Work task »
Once you find the line with "(3)小明和小红约定做一个游" in the data below, transcribe exactly each line from there to the line with "Notre élevage propose", inclusive, and nothing else. Drop the pictures.

Data supplied »
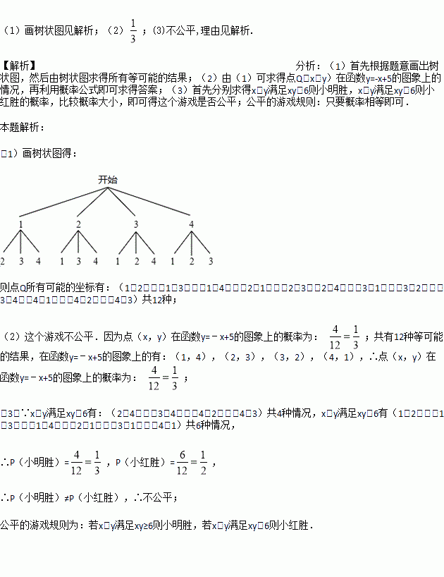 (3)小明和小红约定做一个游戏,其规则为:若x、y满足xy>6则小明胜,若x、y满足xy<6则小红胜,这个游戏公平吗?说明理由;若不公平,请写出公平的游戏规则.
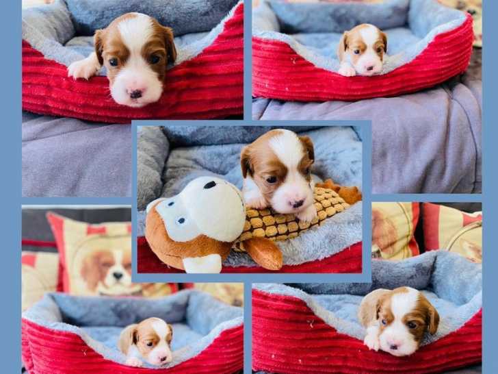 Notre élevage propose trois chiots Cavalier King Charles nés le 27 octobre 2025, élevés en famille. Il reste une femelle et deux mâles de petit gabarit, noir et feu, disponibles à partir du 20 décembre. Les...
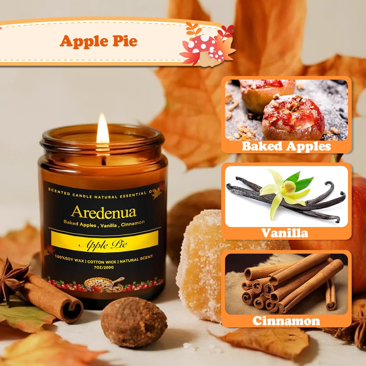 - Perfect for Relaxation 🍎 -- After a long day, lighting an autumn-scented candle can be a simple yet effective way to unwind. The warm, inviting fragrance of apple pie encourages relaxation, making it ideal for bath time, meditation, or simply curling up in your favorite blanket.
---
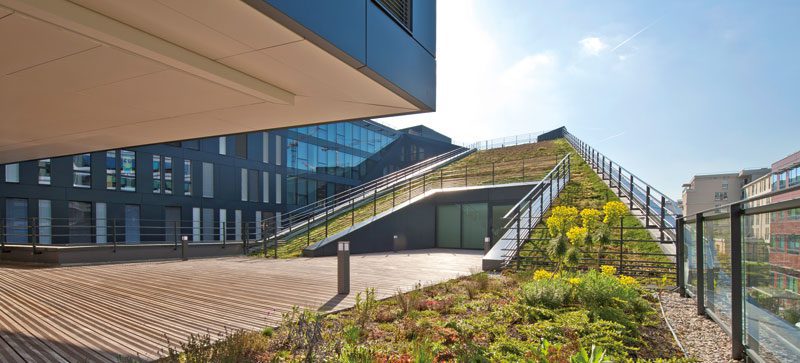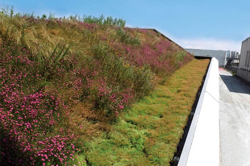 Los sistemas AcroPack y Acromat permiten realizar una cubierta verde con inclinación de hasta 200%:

Answer to the problem »
 (3)小明和小红约定做一个游戏,其规则为:若x、y满足xy>6则小明胜,若x、y满足xy<6则小红胜,这个游戏公平吗?说明理由;若不公平,请写出公平的游戏规则.
 Notre élevage propose trois chiots Cavalier King Charles nés le 27 octobre 2025, élevés en famille. Il reste une femelle et deux mâles de petit gabarit, noir et feu, disponibles à partir du 20 décembre. Les...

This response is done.